La “Venere degli stracci” di Michelangelo Pistoletto, realizzata nel 1967, è una delle opere più famose dell'artista biellese (nato nel 1933 ed esponente di spicco della corrente rubricata nei manuali come “arte povera). La scultura può essere definita vagante, sia nel senso della “vaghezza” costitutiva dei suoi significati, sia nella sua dislocazione spaziale, visto che ne esistono più esemplari e per giunta concepiti per muoversi, migrare e dunque interagire con i contesti che la ospitano. L'idea di farla arrivare a Bolzano è di Manuel Canelles, artista poliedrico e a sua volta “vagante”, “migrante” tra generi diversi (teatro, video, istallazioni, performance), il quale è riuscito ad attivare altri soggetti più stanziali, come la Piattaforma delle Resistenze, il Teatro Cristallo, il Liceo Pascoli, l'Università di Bolzano e l'associazione OfficineVispa, coinvolgendoli in un progetto, dal titolo provvisorio “Aspettando Venere”, che si materializzerà tra i primi mesi di luglio (una data precisa non è ancora disponibile, ma sicuramente entro i primi dieci giorni del mese) e ottobre.

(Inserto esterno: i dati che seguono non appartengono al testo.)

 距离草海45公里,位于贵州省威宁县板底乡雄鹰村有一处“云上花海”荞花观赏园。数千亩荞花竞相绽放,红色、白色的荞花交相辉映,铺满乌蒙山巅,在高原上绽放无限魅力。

Proprio in un laboratorio del Liceo Pascoli, giovedì 14 giugno, Caselles, Nazario Zambaldi, la professoressa Mariella Cocca e alcuni studenti della classe 4 D (indirizzo artistico) hanno intrattenuto i convenuti sul senso dell'operazione. Telegrafico Zambaldi (Liceo Pascoli, Teatro Pratiko), il quale ha richiamato la differenza tra Democrazia e Demopraxia, in pratica la prevalenza del fare artistico su ogni esercizio di potere, e soprattutto ha annuciato che alla fine di settembre – dal 25 al 27 – Pistoletto verrà in provincia di Bolzano per tre giorni d'incontri e conferenze, nonché per inaugurare nella scuola un murales e una galleria espositiva (“Escape”). A Caselles è toccato invece il compito di illustrare più nel dettaglio le tappe dell'epifania della Venere. “La Venere è un pretesto – ha spiegato – per mostrare come l'arte possa diventare uno strumento di riflessione invertendo il movimento consueto con il quale noi siamo abituati a fruirne. In questo caso il movimento non è più quello del pubblico verso l'arte, come accade quando visitiamo un museo, ma è proprio lei, è l'arte che si muove dal suo ipotetico centro e viaggia verso la periferia, così come il candore classico e remoto della Venere si immerge nella policromia contemporanea degli scarti e degli stracci. Per questo, quando questa grande scultura, alta quasi tre metri, arriverà da Ventimiglia, dove adesso si trova, prima la lasceremo imballata, probabilmente negli spazi dell'ex Alimarket, e poi sarà collocata dietro l'Università, per rimanere nei pressi della Facoltà di design fino ad ottobre”.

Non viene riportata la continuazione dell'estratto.